Soundtrack album by Various artists
- Released: March 1958
- Recorded: 1958
- Genre: Show tunes
- Length: 45:58
- Label: RCA Victor
- Producer: P.O.

= South Pacific (soundtrack) =

The Original Soundtrack to the film South Pacific was released by RCA Victor in 1958. The film was based on the 1949 musical South Pacific by Rodgers and Hammerstein. The composers had much say in this recording, with many of the songs performed by accomplished singers rather than the actors in the film. Mitzi Gaynor and Ray Walston (who had played Luther Billis in the original national tour and in the original London production) were the only two leading performers who did their own singing in the film (and on the soundtrack album). The roles of Emile DeBecque, Bloody Mary and Joe Cable were sung by Giorgio Tozzi, Muriel Smith (who had played the role in the original London production) and Bill Lee, respectively.
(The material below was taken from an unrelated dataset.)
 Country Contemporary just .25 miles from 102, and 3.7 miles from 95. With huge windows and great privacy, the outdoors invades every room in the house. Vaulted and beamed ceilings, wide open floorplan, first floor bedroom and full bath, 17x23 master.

The Original Soundtrack LP was originally released in the U.S. in mono only (both in standard and deluxe gatefold cover editions) in March 1958 when the movie premiered. The stereo edition was released (standard cover only) in RCA's first batch of stereo LP releases in August 1958.
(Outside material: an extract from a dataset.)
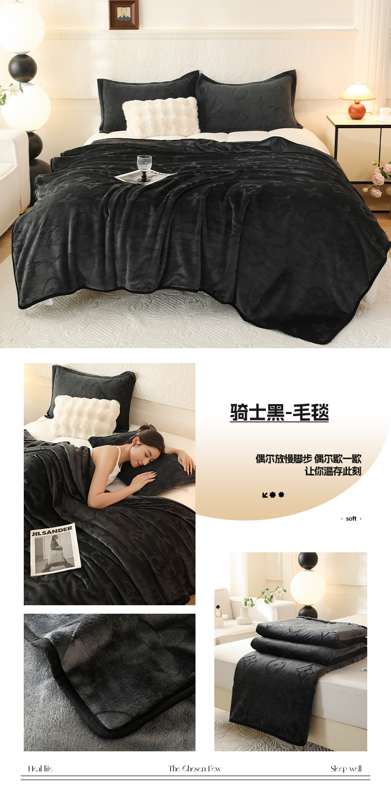 商品名称:逸尚阁 2024新款立体雕花绒毛毯 骑士黑-毛毯

The album became a major success, reaching No.1 in both the US and the UK. In the US, the album stayed at No.1 for seven months - the fourth longest run ever. In the UK, the album remained in the top five for 27 consecutive weeks before reaching No.1 in November 1958. It stayed at the top for a record-breaking 115 weeks (the first 70 of these consecutively—including the whole year of 1959), and remained in the top five for 214 weeks. As of 2006, the album has sold 1,803,681 copies in the United Kingdom.

Professional ratings
Review scores
| Source | Rating |
| AllMusic | Star |

== Track listing ==
The songs on the soundtrack LP and CD are arranged in the order that they appear in the Broadway musical, not in the order in which they appear in the film. In the European Print of the film shown At The Dominion Theatre London the songs do appear in the order they appear in the film.

Side One
1. "South Pacific Overture" (3:03)
2. "Dites-moi" (1:19)
3. "A Cockeyed Optimist" (1:45)
4. "Twin Soliloquies" / "Some Enchanted Evening" (5:53)
5. "Bloody Mary" (1:57)
6. "My Girl Back Home" (1:42)
7. "There Is Nothin' Like a Dame" (3:50)
8. "Bali Ha'i" (3:41)
Side Two
1. "I'm Gonna Wash That Man Right Outa My Hair" (2:56)
2. "I'm in Love with a Wonderful Guy" (3:23)
3. "Younger Than Springtime" (4:59)
4. "Happy Talk" (3:46)
5. "Honey Bun" (1:48)
6. "You've Got to Be Carefully Taught" (1:15)
7. "This Nearly Was Mine" (2:12)
8. "Finale" (2:58)

== Chart positions ==

| Chart | Year | Peak position |
| Billboard 200 | 1958 | 1 |
1959
| UK Albums Chart | 1958 | 1 |
1959
1960
1961

==Certifications and sales==

| Region | Certification | Certified units/sales |
| Norway | — | 7,000 |
| United Kingdom (BPI) | Platinum | 1,803,681 |
| United States (RIAA) | Gold | 500,000^{^} |
Summaries
| Worldwide | — | 8,000,000 |
^{^} Shipments figures based on certification alone.